🤖 AI Summary
Existing two-hand–object 3D pose estimation methods struggle to balance real-time performance with accuracy. To address the stringent latency requirements of AR/VR interactive applications, this paper proposes the first lightweight real-time Transformer framework. Our method introduces three semantically distinct queries—left hand, right hand, and object—and explicitly incorporates hand–object contact priors. We further design a novel image–query co-refinement mechanism operating in three iterative steps. Adopting a minimalist single-decoder architecture with only 108 queries, our model achieves high-fidelity joint 3D pose estimation. On the H2O and FPHA benchmarks, it reduces mean joint error by 17.6%–27.2% and 5.3%–10.4% over state-of-the-art methods, respectively, while running at 53.5 FPS—setting a new record for real-time hand–object interaction recognition.
📝 Abstract
Significant advancements have been achieved in the realm of understanding poses and interactions of two hands manipulating an object. The emergence of augmented reality (AR) and virtual reality (VR) technologies has heightened the demand for real-time performance in these applications.

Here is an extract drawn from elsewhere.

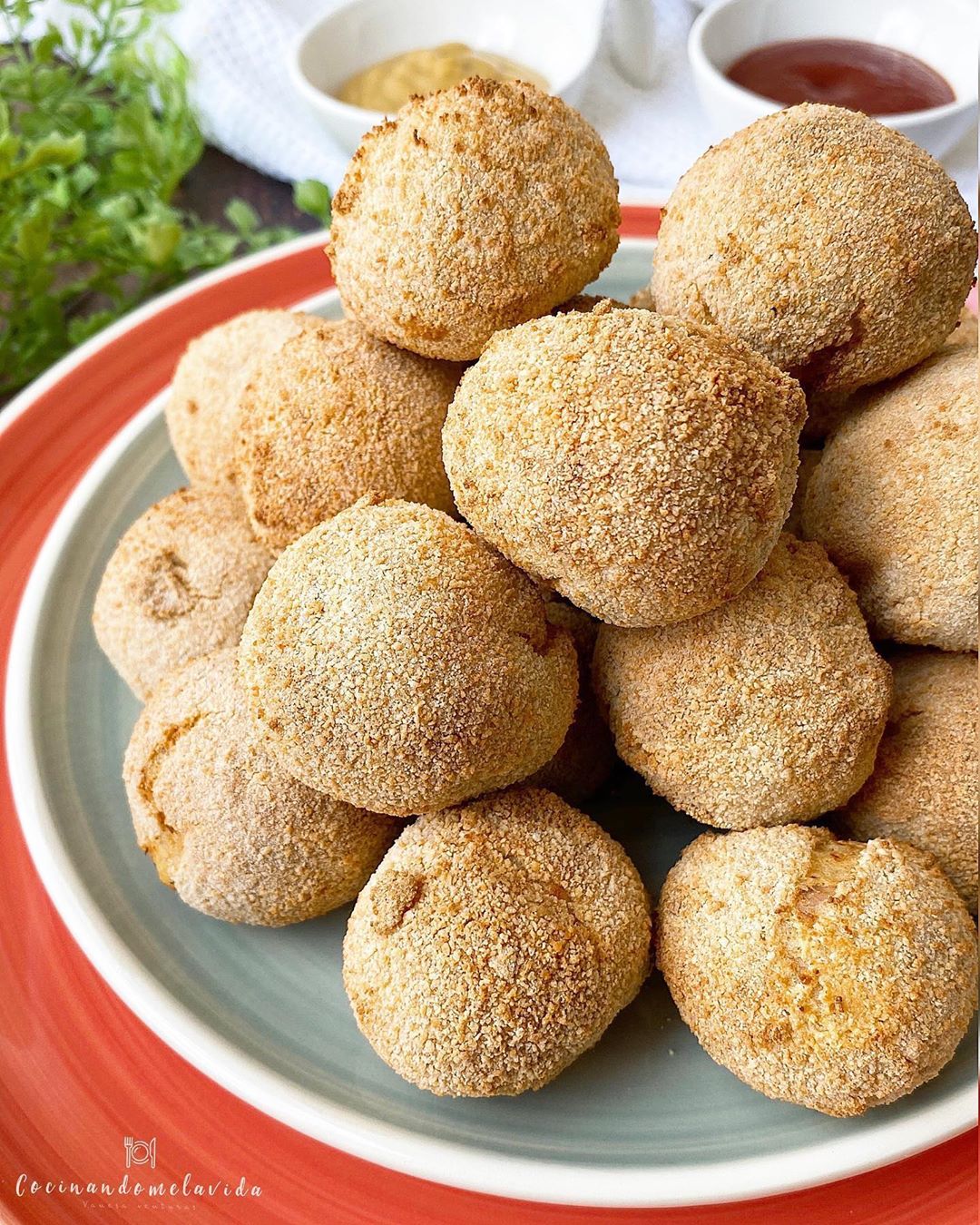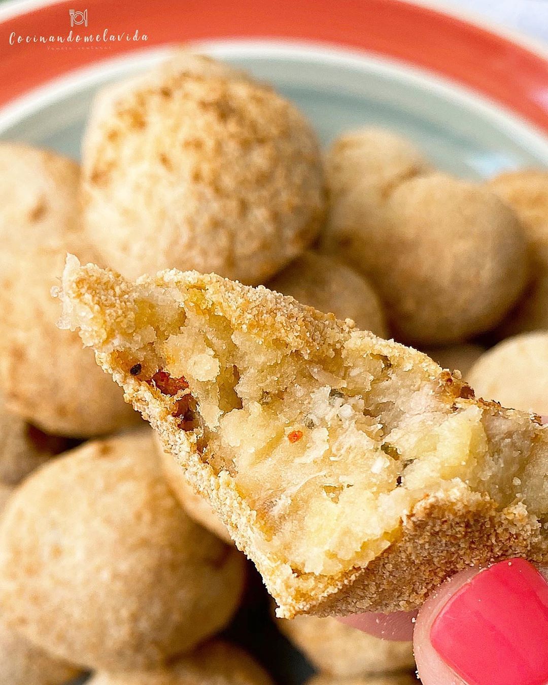 - Cuando la masa esté lista damos forma de bolitas y las pasamos por huevo y pan rallado.

However, current state-of-the-art models often exhibit promising results at the expense of substantial computational overhead. In this paper, we present a query-optimized real-time Transformer (QORT-Former), the first Transformer-based real-time framework for 3D pose estimation of two hands and an object. We first limit the number of queries and decoders to meet the efficiency requirement. Given limited number of queries and decoders, we propose to optimize queries which are taken as input to the Transformer decoder, to secure better accuracy: (1) we propose to divide queries into three types (a left hand query, a right hand query and an object query) and enhance query features (2) by using the contact information between hands and an object and (3) by using three-step update of enhanced image and query features with respect to one another. With proposed methods, we achieved real-time pose estimation performance using just 108 queries and 1 decoder (53.5 FPS on an RTX 3090TI GPU). Surpassing state-of-the-art results on the H2O dataset by 17.6% (left hand), 22.8% (right hand), and 27.2% (object), as well as on the FPHA dataset by 5.3% (right hand) and 10.4% (object), our method excels in accuracy. Additionally, it sets the state-of-the-art in interaction recognition, maintaining real-time efficiency with an off-the-shelf action recognition module.